*ASSIGNMENT*.
Below are records with pictures; copy word for word only the lines between the line with "エコマーク付き ゴミ袋 20リットル 赤 0.025mm厚(10枚×100冊)" and the line with "口子窖兼7系列41度500mL*4瓶整箱 安徽白酒送礼送长辈 官方旗舰店", inclusive, and drop the pictures.

*INPUT FOR THIS TASK*.

+--

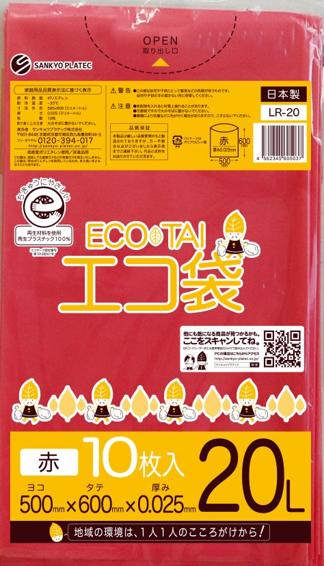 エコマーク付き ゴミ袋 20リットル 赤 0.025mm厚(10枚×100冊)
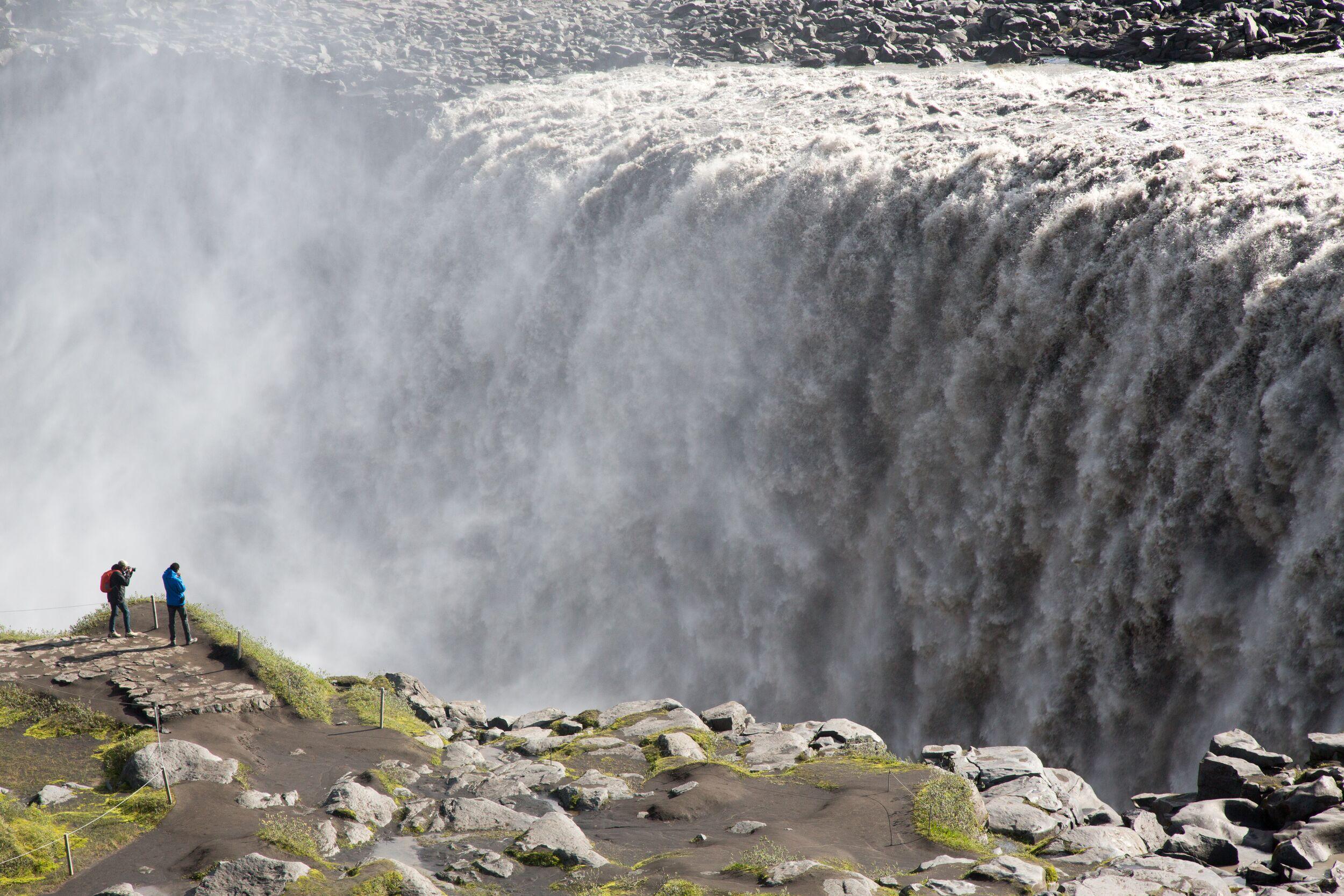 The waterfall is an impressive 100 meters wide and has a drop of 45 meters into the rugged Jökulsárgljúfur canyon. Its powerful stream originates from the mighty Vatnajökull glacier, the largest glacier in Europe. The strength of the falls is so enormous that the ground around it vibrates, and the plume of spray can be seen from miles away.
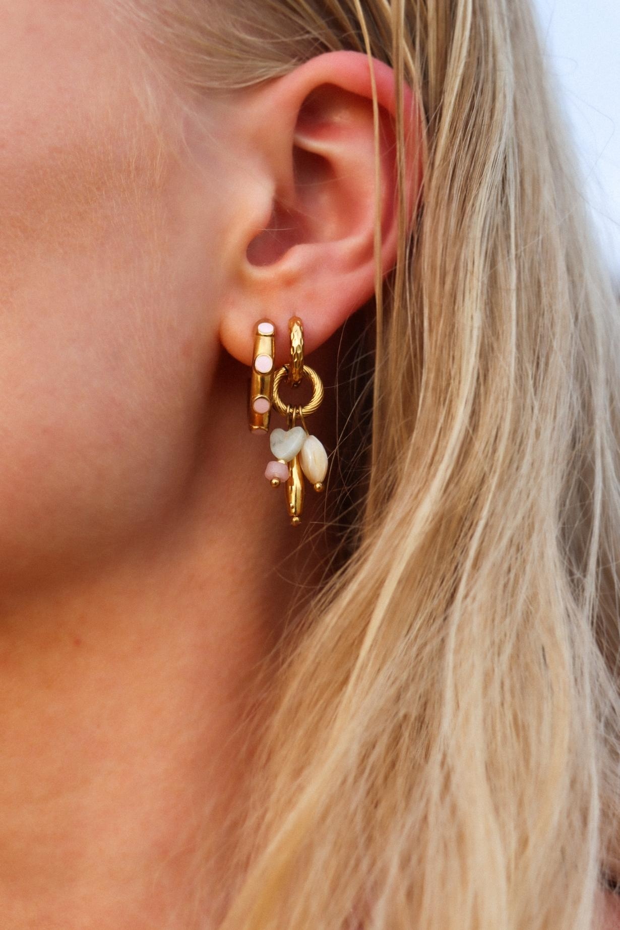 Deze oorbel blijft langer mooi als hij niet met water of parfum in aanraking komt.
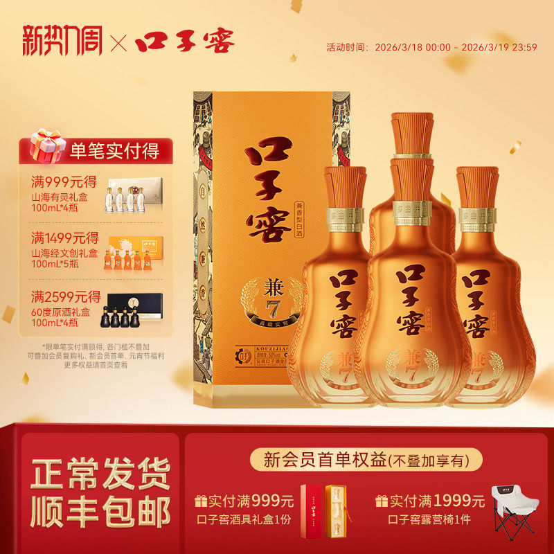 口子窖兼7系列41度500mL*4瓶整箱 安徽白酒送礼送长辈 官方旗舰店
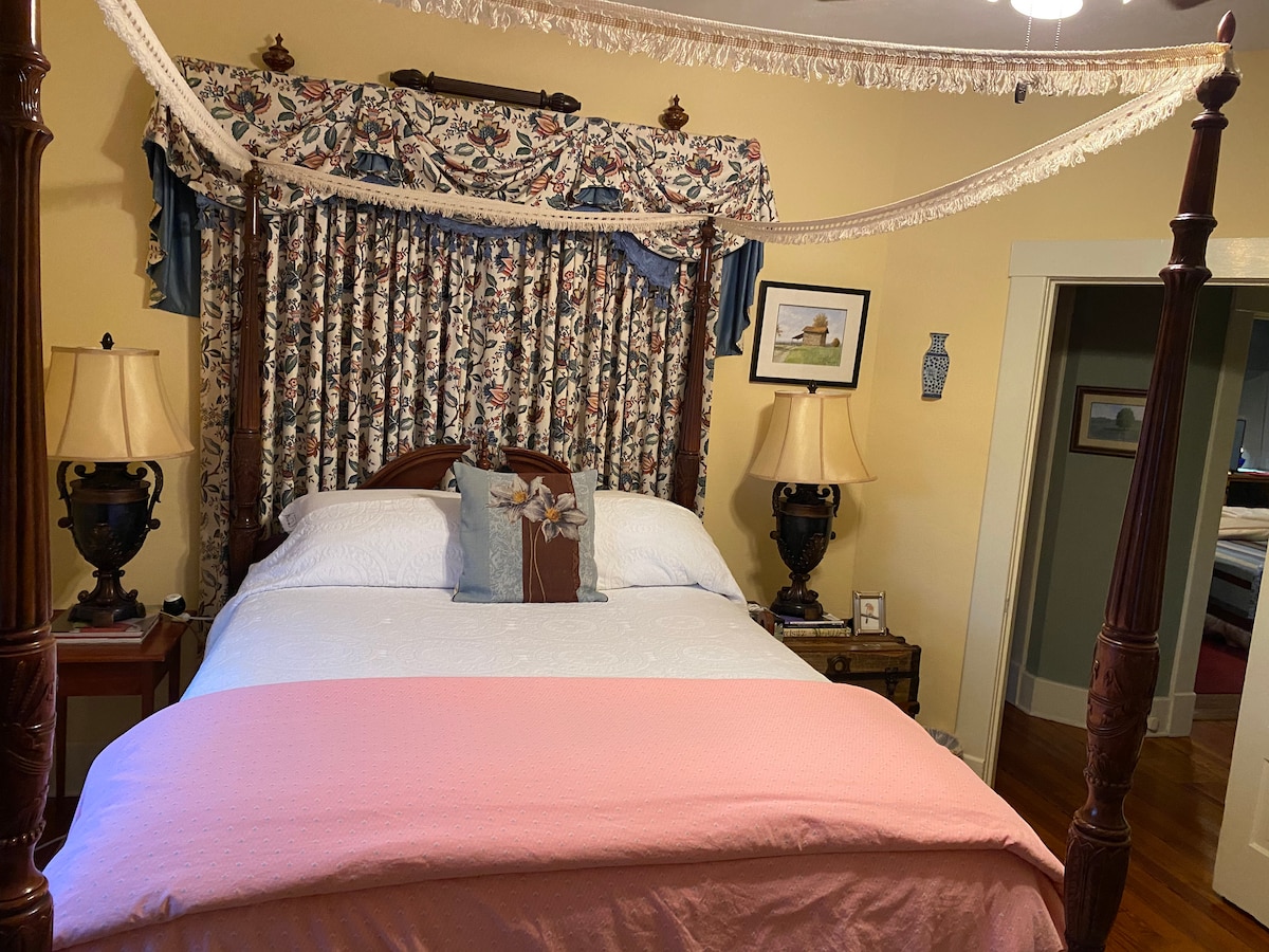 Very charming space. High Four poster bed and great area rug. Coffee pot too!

+--

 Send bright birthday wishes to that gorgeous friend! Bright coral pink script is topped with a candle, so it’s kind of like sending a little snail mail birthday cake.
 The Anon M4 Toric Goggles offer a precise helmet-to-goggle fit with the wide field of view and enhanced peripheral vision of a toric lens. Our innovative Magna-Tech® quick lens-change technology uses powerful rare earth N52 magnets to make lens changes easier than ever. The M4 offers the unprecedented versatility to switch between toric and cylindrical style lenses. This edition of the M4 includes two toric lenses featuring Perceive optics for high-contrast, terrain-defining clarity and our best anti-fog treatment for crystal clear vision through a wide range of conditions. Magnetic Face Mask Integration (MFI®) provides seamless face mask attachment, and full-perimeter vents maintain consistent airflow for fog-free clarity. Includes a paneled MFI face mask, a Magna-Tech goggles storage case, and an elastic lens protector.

+--

*YOUR RESPONSE*.
 エコマーク付き ゴミ袋 20リットル 赤 0.025mm厚(10枚×100冊)
 The waterfall is an impressive 100 meters wide and has a drop of 45 meters into the rugged Jökulsárgljúfur canyon. Its powerful stream originates from the mighty Vatnajökull glacier, the largest glacier in Europe. The strength of the falls is so enormous that the ground around it vibrates, and the plume of spray can be seen from miles away.
 Deze oorbel blijft langer mooi als hij niet met water of parfum in aanraking komt.
 口子窖兼7系列41度500mL*4瓶整箱 安徽白酒送礼送长辈 官方旗舰店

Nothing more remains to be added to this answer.